I have an issue with the size of the masked sequences.
Why does the softmax changes the shape of the tensor?
Running this:
print(tf.keras.activations.softmax(x).shape)
print(tf.keras.activations.softmax(x + (create_padding_mask(x) * -1.0e9)).shape)
print (x.shape)
print (create_padding_mask(x).shape)
Gives:
(3, 5)
(3, 1, 3, 5)
(3, 5)
(3, 1, 1, 5)
It seems that the dimension (3,1,3,5) is not what I should have and that causes me trouble afterwards.
Thanks!
softmax won’t change shape, but (x + create_padding_mask(x) * -1.0e9) will do.
x shape: (3, 5)
mask shape: (3, 1, 1, 5)
summation shape: (3, 1, 3, 5)
Please refer to broadcasting rule.
Thank you Edward.
But then I have the wrong shape for the output of my scaled_dot_product_attention function.

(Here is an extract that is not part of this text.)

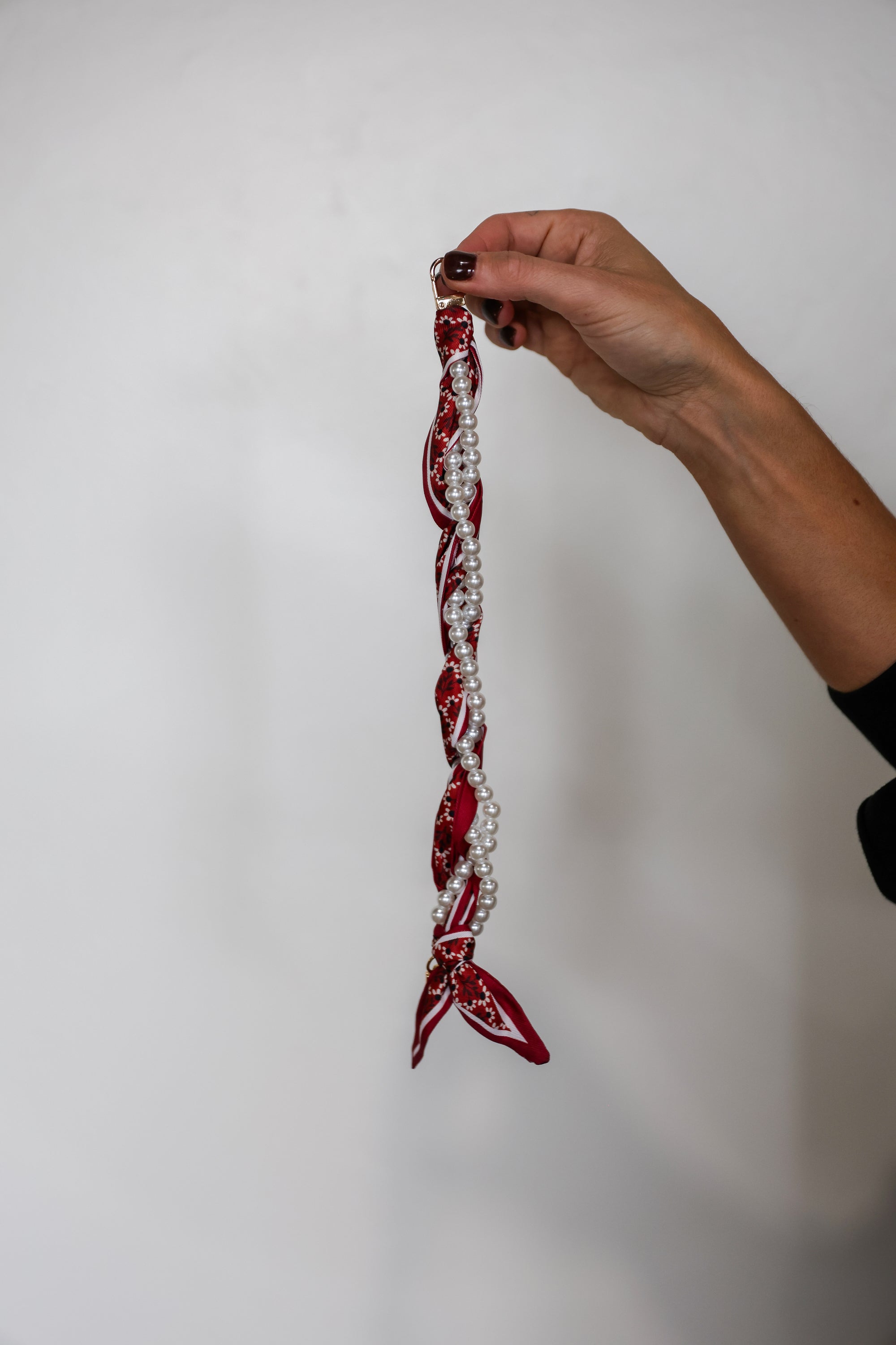 Woven Scarf Pearl Phone Strap/Wristlet - Crimson

For the test scaled_dot_product_attention_test, the output has shape (3, 1, 3, 2) but it looks that it should (3,2).
Could you help me with that?
Thanks
scaled_dot_product_attention function provides mask for you, you should not use create_padding_mask to generate your own mask.
Thanks a lot! Damn, I was dumb!
omg I did the same thing!!! Thanks @edwardyu mentor for pointing this out.